A música brasileira perdeu neste domingo (20) uma de suas vozes mais autênticas e carismáticas: Preta Gil, que morreu aos 50 anos, nos Estados Unidos, onde realizava um tratamento experimental contra o câncer. O corpo da cantora será trazido ao Brasil para as cerimônias de despedida, mas até o momento a família não informou data, local ou se o velório será aberto ao público. Em respeito à sua trajetória, a Prefeitura do Rio de Janeiro decretou luto oficial de três dias.
Filha de Gilberto Gil e de Sandra Gadelha, Preta foi diagnosticada com câncer no intestino em 2023. Após um período de remissão, a doença voltou em 2024 com metástases, exigindo novas cirurgias e um tratamento inovador no exterior. Ela estava nos EUA desde maio, mas sempre manteve fortes laços com sua cidade natal, o Rio de Janeiro, onde construiu sua carreira e fundou o icônico Bloco da Preta, que reuniu multidões no carnaval carioca.
Ao longo da carreira, Preta Gil lançou quatro álbuns de estúdio e diversos registros ao vivo, além de se destacar como empresária à frente da Mynd, uma das principais agências de marketing digital do país.

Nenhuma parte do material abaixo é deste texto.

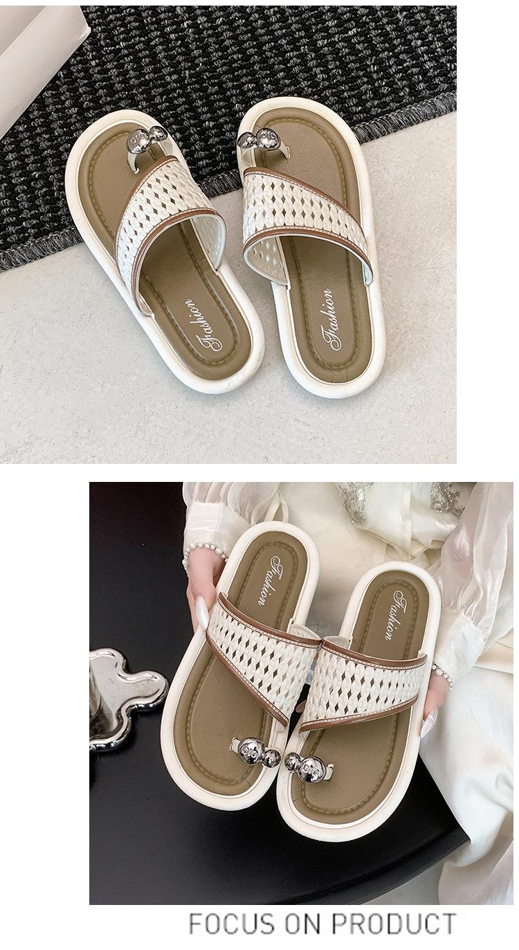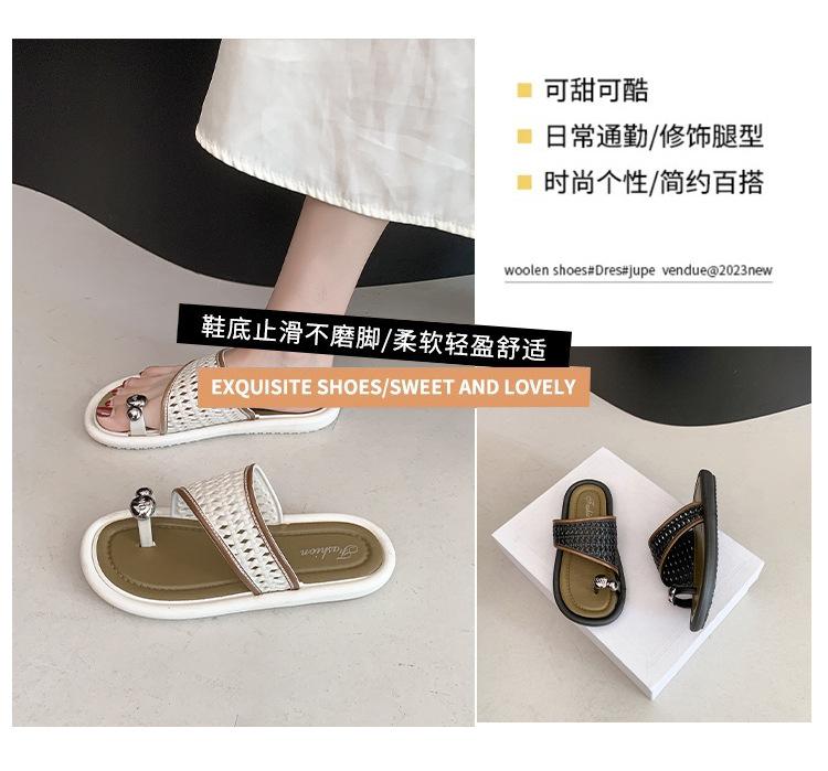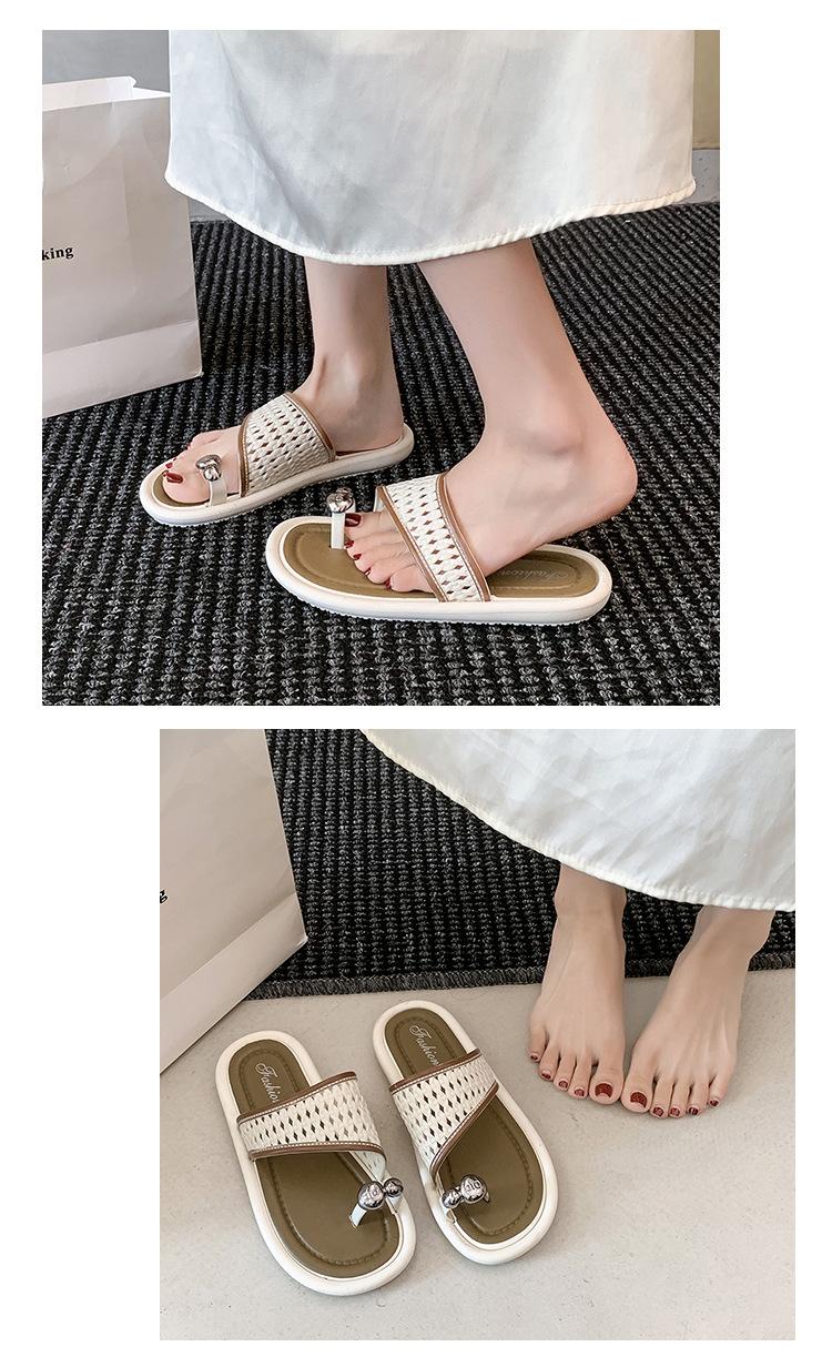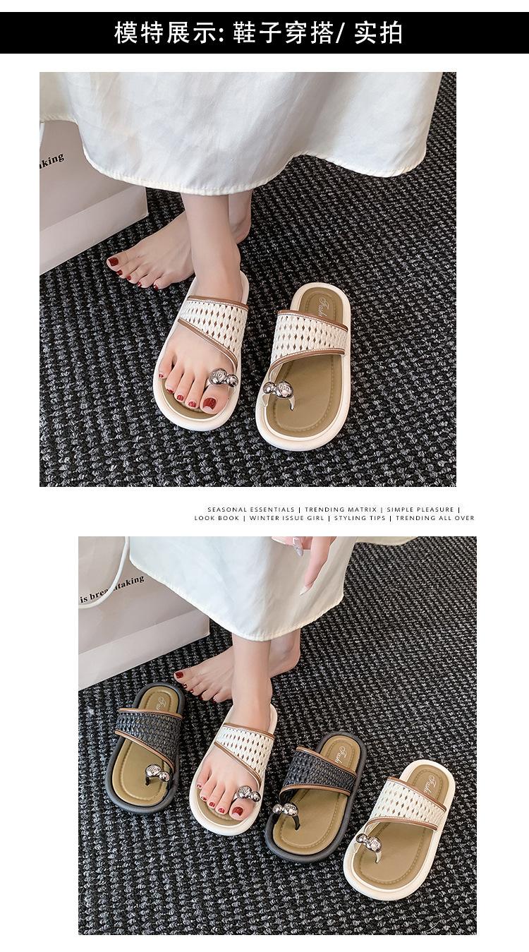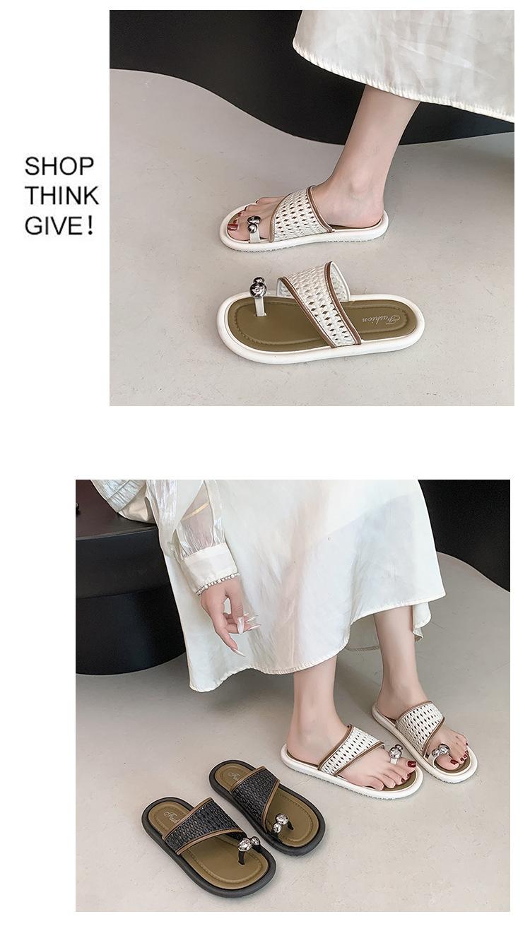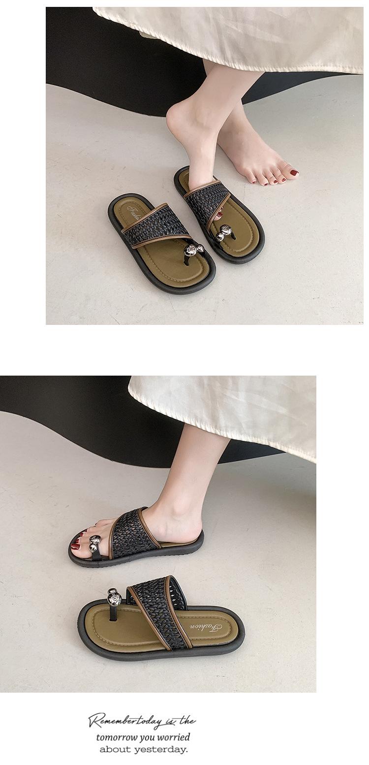 Hermosas Pantuflas de Estilo Francés para Mujer Verano para Exterior 2025 Nuevo Estilo Vacacional Pantuflas Planas Sandalias Tejidas para la Playa
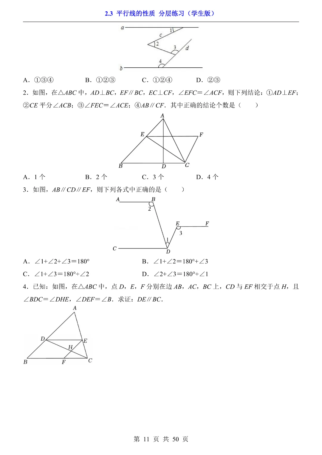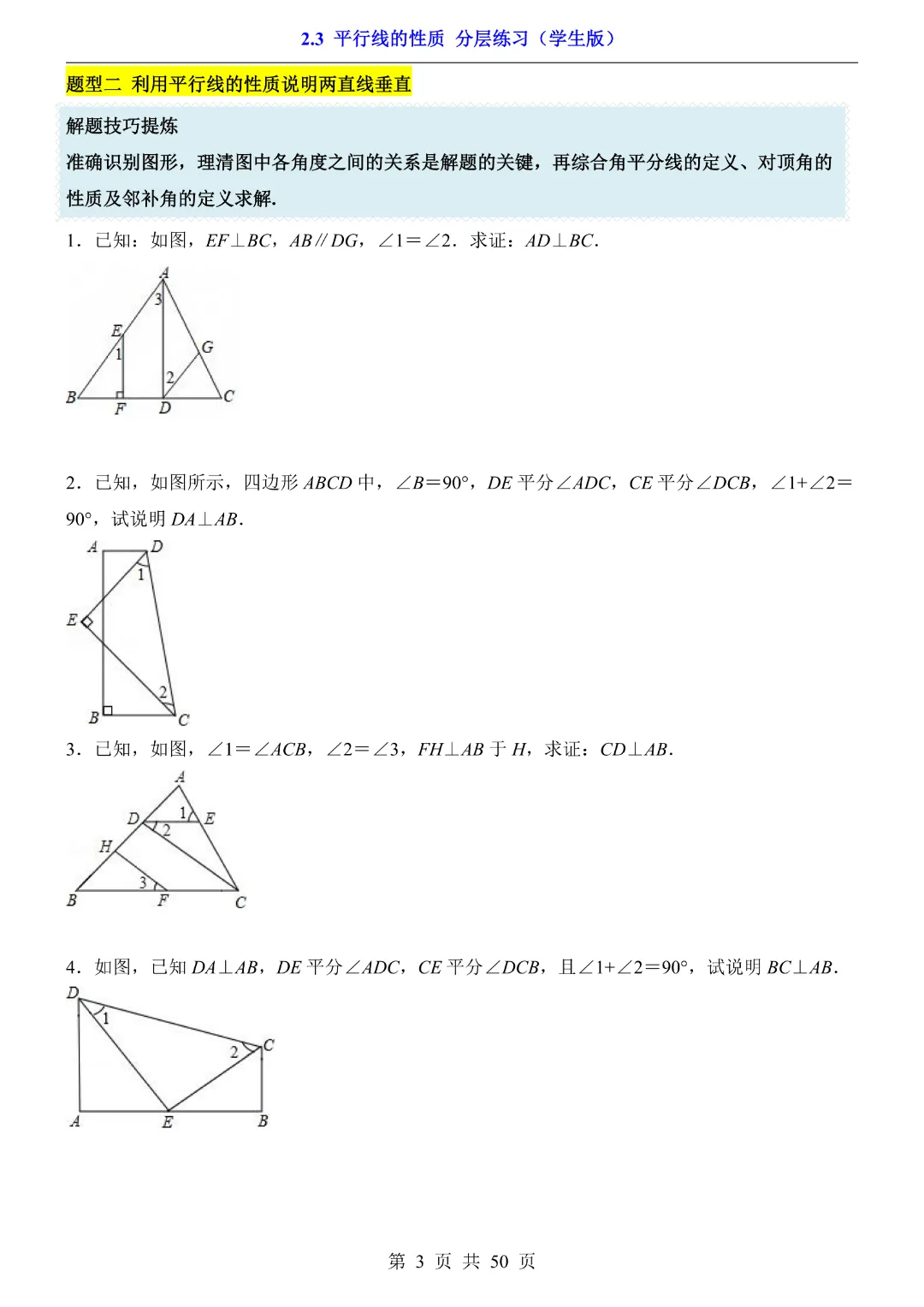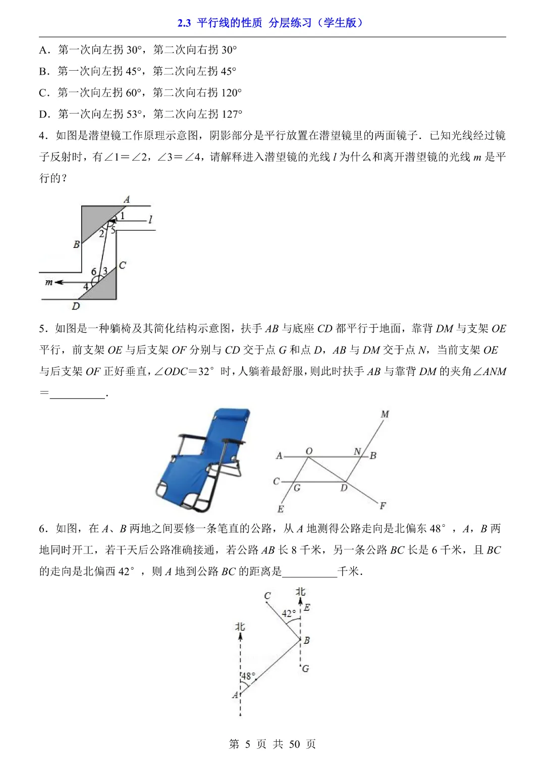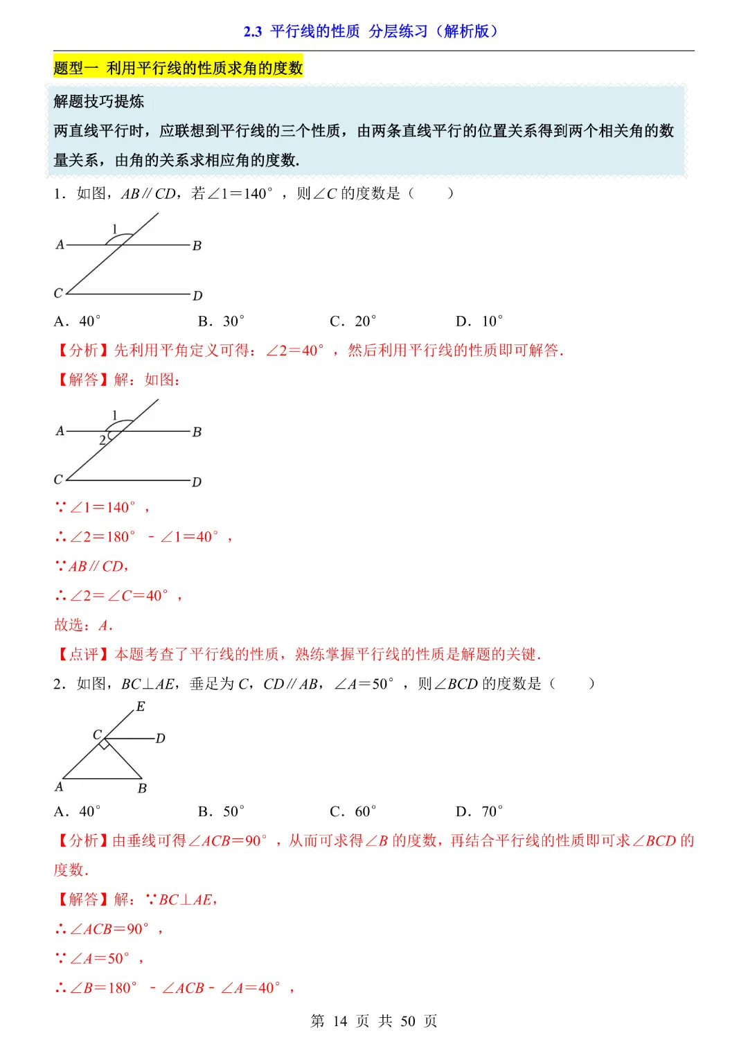 【七年级下册数学】【北师大版】2.3 平行线的性质分层练习带答案|完整高清可打印

Sua voz, tanto no palco quanto fora dele, era marcada por posicionamentos firmes contra o preconceito e pela defesa de causas sociais, tornando-se referência para mulheres, artistas e minorias.
A notícia de sua morte gerou comoção em todo o país e rendeu homenagens emocionadas de artistas, amigos, autoridades e fãs. Bela Gil, irmã de Preta, escreveu: “Minha maior grande perda. Minha eterna inspiração e alegria.” Carolina Dieckmann, que esteve ao seu lado nos últimos dias, destacou a coragem da amiga: “Foi o maior presente do mundo estar com você. Descansa, meu amor.” O presidente Lula também se pronunciou, ressaltando que Preta “espalhou alegria mesmo nos momentos mais difíceis.”
A ministra da Cultura, Margareth Menezes, a descreveu como uma das artistas mais autênticas do país, enquanto a ministra da Igualdade Racial, Anielle Franco, lembrou da força de Preta ao enfrentar preconceitos com ternura e voz ativa. Amada por onde passava, Preta Gil deixou um legado de liberdade, afeto e resistência. Sua ausência será sentida nos palcos, nos trios elétricos e no coração de milhões de brasileiros.